Goal of the exercise>
Pictures stay out of the copy. Transcribe exactly, and only, the line with "此次培训会上,陈国峰教授从工" through the last line of the entries below.

(Records supplied Opens)

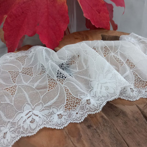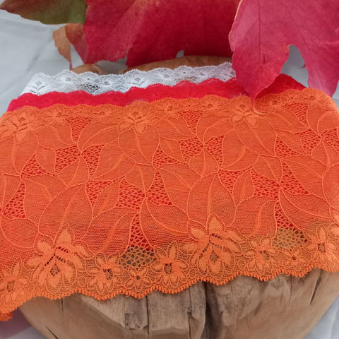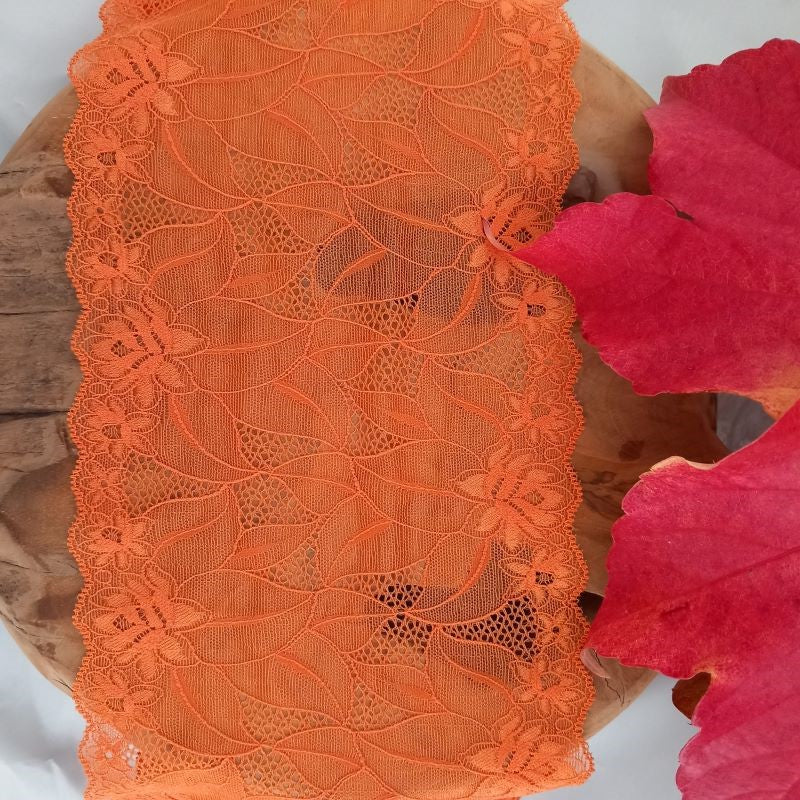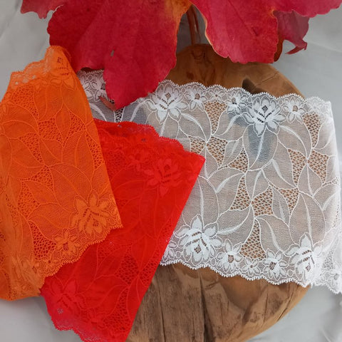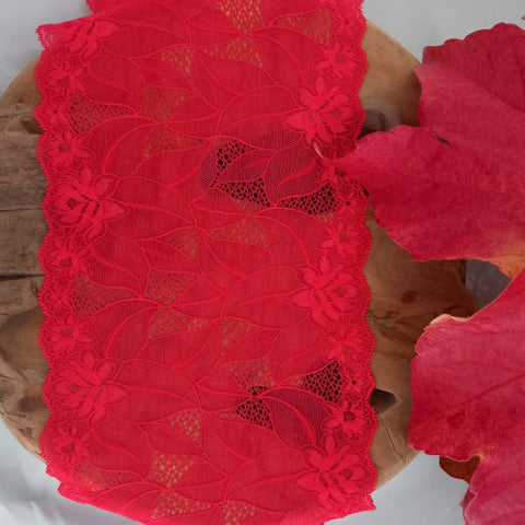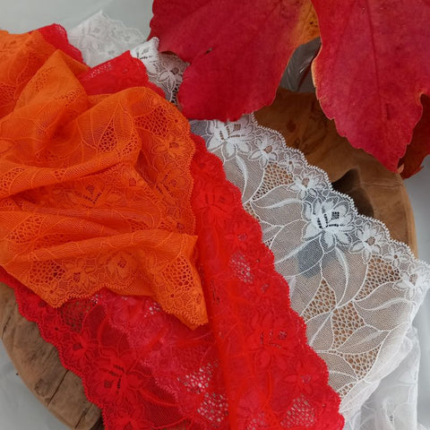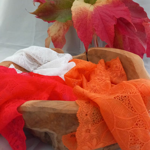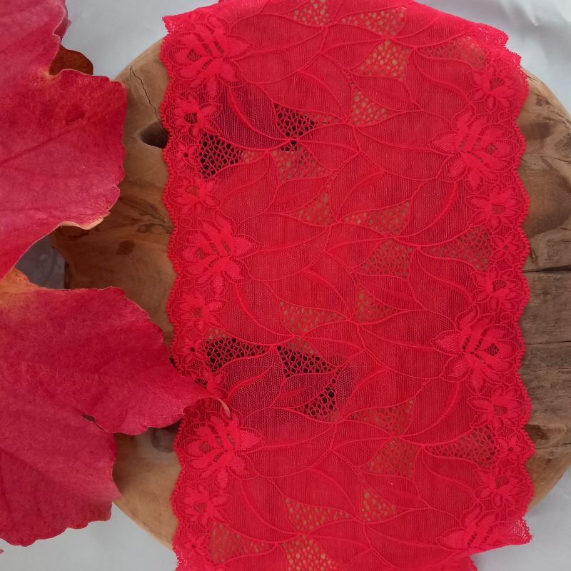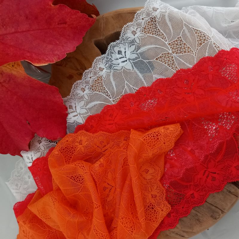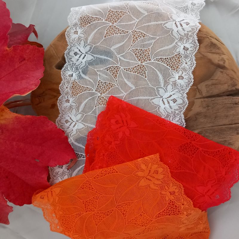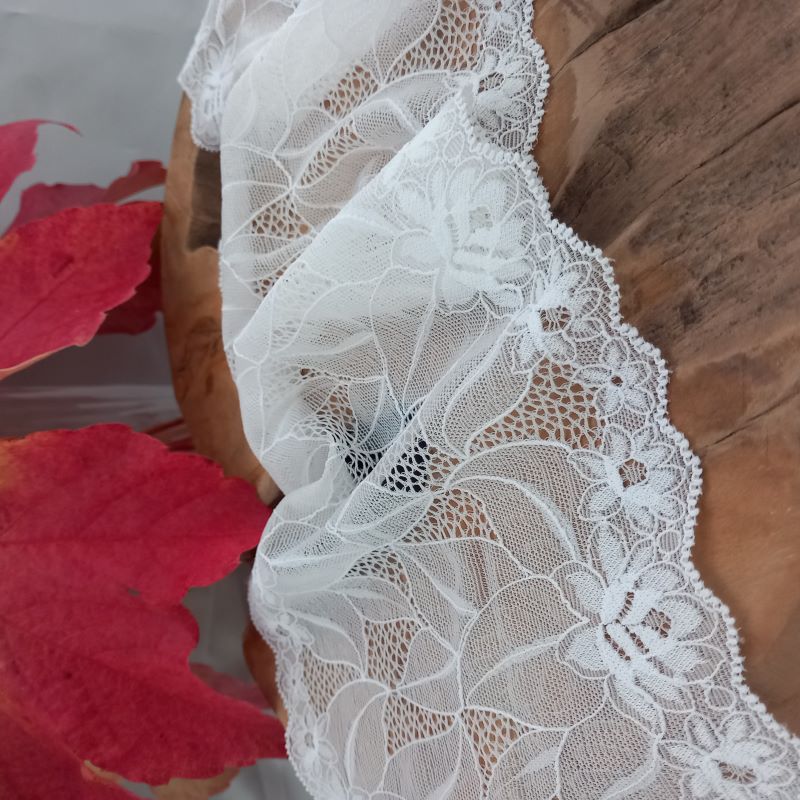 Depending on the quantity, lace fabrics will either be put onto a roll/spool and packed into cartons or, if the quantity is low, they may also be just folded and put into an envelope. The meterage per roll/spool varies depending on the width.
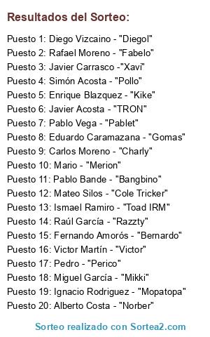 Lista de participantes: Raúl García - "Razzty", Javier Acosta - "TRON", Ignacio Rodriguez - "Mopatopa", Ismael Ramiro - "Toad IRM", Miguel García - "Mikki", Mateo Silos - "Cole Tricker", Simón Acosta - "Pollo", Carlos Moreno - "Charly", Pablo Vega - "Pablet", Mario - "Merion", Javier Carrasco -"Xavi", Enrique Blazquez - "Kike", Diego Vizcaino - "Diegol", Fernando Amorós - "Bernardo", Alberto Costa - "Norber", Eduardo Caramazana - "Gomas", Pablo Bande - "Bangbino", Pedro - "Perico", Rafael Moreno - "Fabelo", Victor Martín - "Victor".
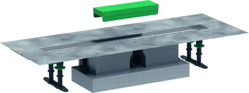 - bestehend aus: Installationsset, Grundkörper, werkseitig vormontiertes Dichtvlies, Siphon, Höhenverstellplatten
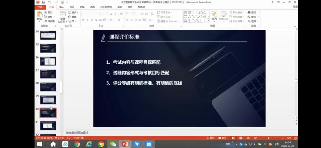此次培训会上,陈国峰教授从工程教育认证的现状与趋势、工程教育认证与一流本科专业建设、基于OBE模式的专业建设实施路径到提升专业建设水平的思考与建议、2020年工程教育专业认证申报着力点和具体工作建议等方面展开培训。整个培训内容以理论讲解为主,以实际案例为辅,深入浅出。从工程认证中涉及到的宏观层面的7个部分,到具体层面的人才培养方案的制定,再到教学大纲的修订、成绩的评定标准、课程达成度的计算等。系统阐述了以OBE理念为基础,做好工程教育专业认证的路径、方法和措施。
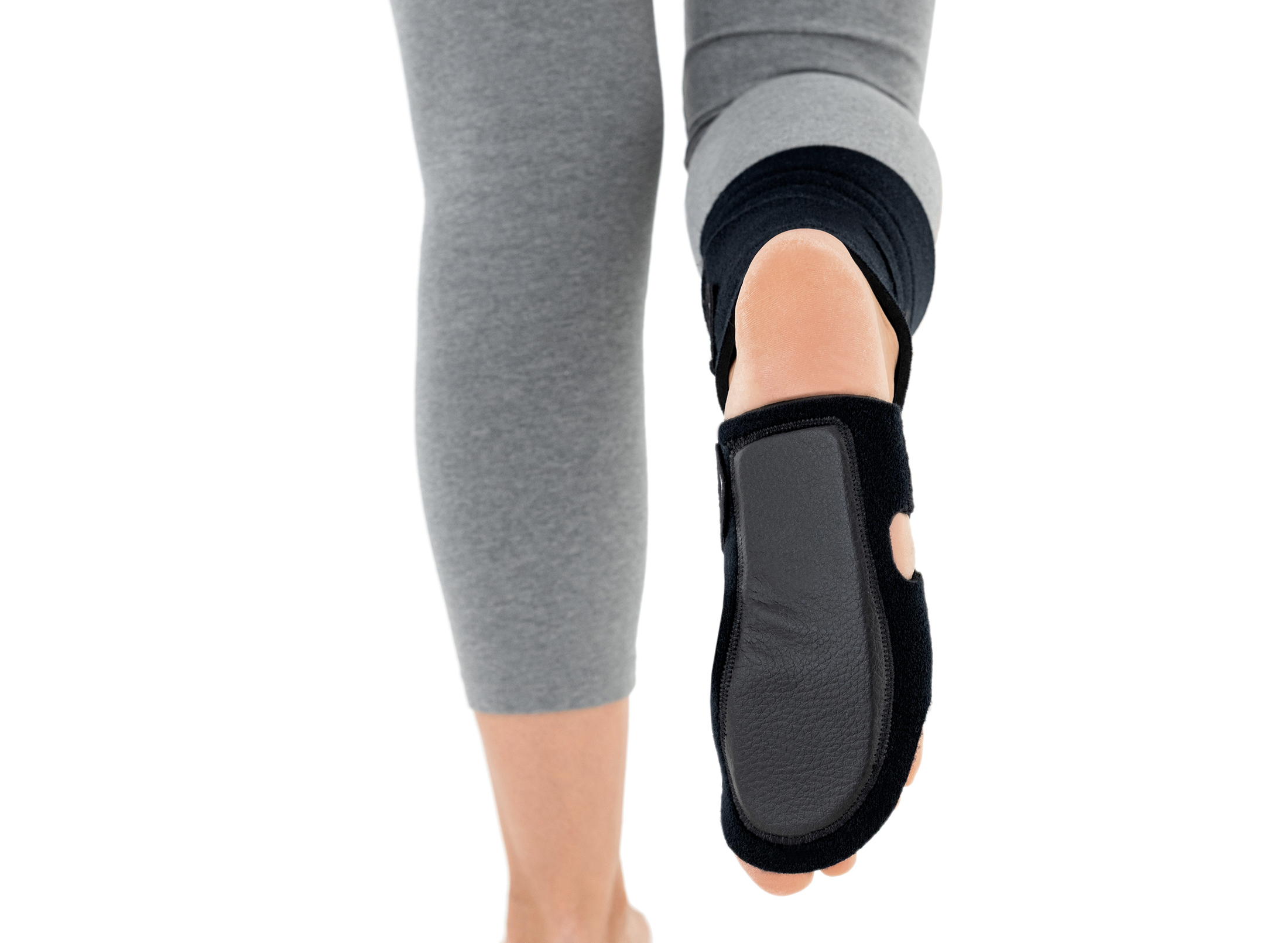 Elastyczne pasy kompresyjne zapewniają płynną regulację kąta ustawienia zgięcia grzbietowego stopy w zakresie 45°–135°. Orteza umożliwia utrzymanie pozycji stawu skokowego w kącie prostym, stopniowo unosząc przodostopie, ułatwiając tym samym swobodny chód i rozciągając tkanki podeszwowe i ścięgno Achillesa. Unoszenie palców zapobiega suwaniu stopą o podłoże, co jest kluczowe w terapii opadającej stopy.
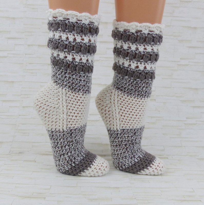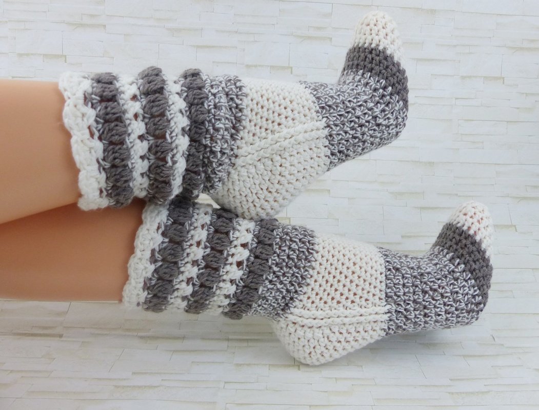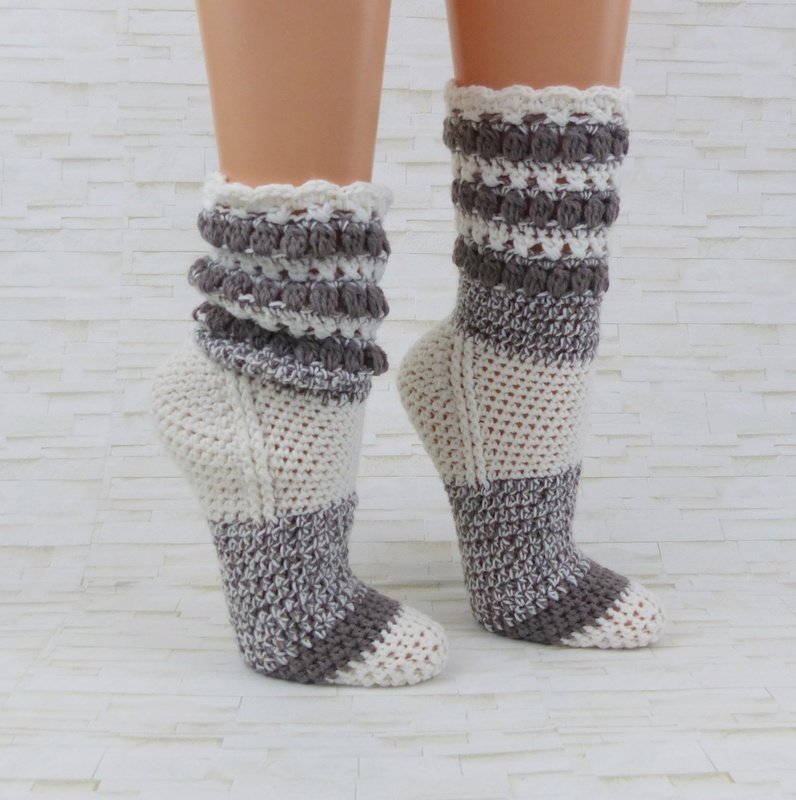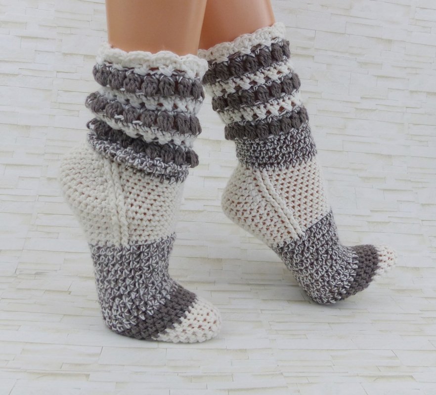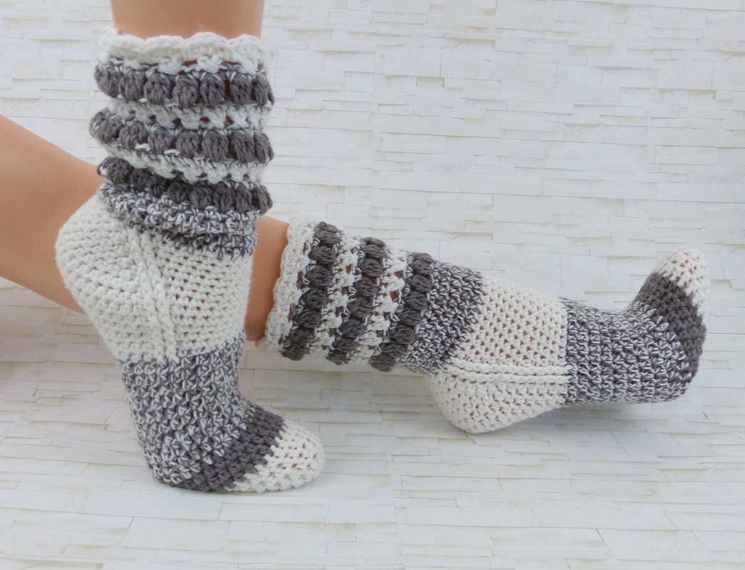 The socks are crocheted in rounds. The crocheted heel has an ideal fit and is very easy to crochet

(Records supplied Closes)

Result for this exercise>
此次培训会上,陈国峰教授从工程教育认证的现状与趋势、工程教育认证与一流本科专业建设、基于OBE模式的专业建设实施路径到提升专业建设水平的思考与建议、2020年工程教育专业认证申报着力点和具体工作建议等方面展开培训。整个培训内容以理论讲解为主,以实际案例为辅,深入浅出。从工程认证中涉及到的宏观层面的7个部分,到具体层面的人才培养方案的制定,再到教学大纲的修订、成绩的评定标准、课程达成度的计算等。系统阐述了以OBE理念为基础,做好工程教育专业认证的路径、方法和措施。
 Elastyczne pasy kompresyjne zapewniają płynną regulację kąta ustawienia zgięcia grzbietowego stopy w zakresie 45°–135°. Orteza umożliwia utrzymanie pozycji stawu skokowego w kącie prostym, stopniowo unosząc przodostopie, ułatwiając tym samym swobodny chód i rozciągając tkanki podeszwowe i ścięgno Achillesa. Unoszenie palców zapobiega suwaniu stopą o podłoże, co jest kluczowe w terapii opadającej stopy.
 The socks are crocheted in rounds. The crocheted heel has an ideal fit and is very easy to crochet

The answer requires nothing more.